In case the obtained annotated data through the TACO dataset is insufficient, I did also find some additional databases that were used to train other models. While the sheer amount of data is less in those datasets, it nevertheless can contribute to improving our model. Utilizing them will require creating annotation files from scratch though.

Next week I hope to continue fine-tuning the model and also get the Oak-D SR working with our Jetson and running inference. We did not have access to both due to ANSYS Hall being closed for the week.

This week I worked on the design report alongside the rest of the team. I have also been getting started with the Oak-D SR (on my laptop for now) as we have just received it from the course inventory. Beyond that, I have been working on making the labels of the annotated trash in the TACO dataset consistent with the project’s categories (those being trash, metal, paper, plastic, and glass). I could be doing better in terms of fine-tuning the model, so that will be my focus for the upcoming week. I hope to bring a noticeable improvement in the model’s categorization of trash particularly as that has been the most problematic category.

This week I worked on finalizing the parts required for the project alongside the rest of the team. I particularly focused on the embedded / electronic parts in addition to the vision component. Past that, I have been working on the data-loader that compiles the datasets for fine-tuning the model. The fine-tuning itself will happen this week.

Personal Accomplishments

I worked alongside Erin on a Jetson Nano we had to get familiar with the device setup. Obstacles we faced along the way as mentioned in the team report is our first power brick not supplying enough power, leading to impromptu shutdowns, in addition to the device not supporting Wi-Fi natively.
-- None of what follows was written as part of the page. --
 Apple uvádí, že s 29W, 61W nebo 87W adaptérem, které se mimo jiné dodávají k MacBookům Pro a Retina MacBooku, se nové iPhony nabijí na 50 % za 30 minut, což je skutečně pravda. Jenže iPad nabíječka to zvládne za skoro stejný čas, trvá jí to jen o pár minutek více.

Our accomplishment in that regard was fixing the power issues and successfully setting up a wireless connection. Subsequently, I got a YOLO v3 model working on OpenCV by setting up Anaconda and installing any required dependencies.
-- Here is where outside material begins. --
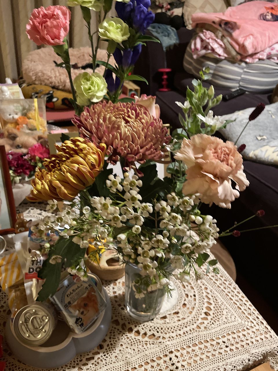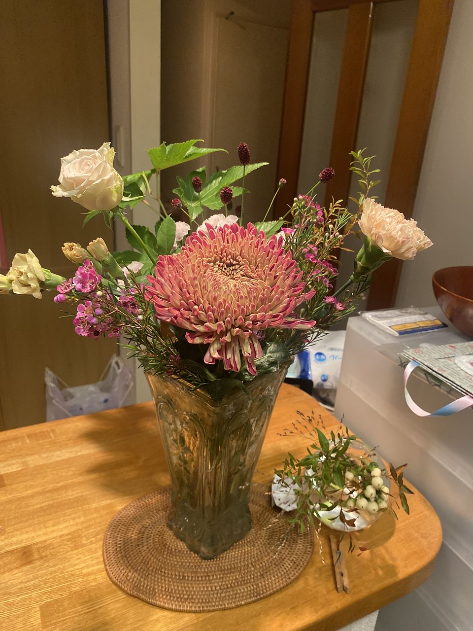 持っている花瓶に対しては 大きな菊の花もあり少し丈が短い感もありますが、綺麗な秋のお花が活けられました。もうすぐ自分の誕生日なので頼みました。

Lastly, I worked alongside the rest of the team on refining the project’s design and picking the necessary components that we will be ordering, both from 18500’s inventory and internet listings.

Schedule

We are not behind by much now. The design presentation is coming up in under two weeks, which prompted us to begin finalizing our design choices. We expect to wrap up our project design and the corresponding presentation on time. As we are on track for the design presentation, we also expect to order our parts for prototyping soon.

For my part, I will begin compiling databases for our CV model in addition to finalizing the YOLO version that will go utilized.

Next Week’s Deliverables

I hope to complete the design presentation alongside the group. I also aim to have a compiled dataset on recyclable material for our model to learn off. Finally, I would like to help the team finalize the required parts for us to place the order.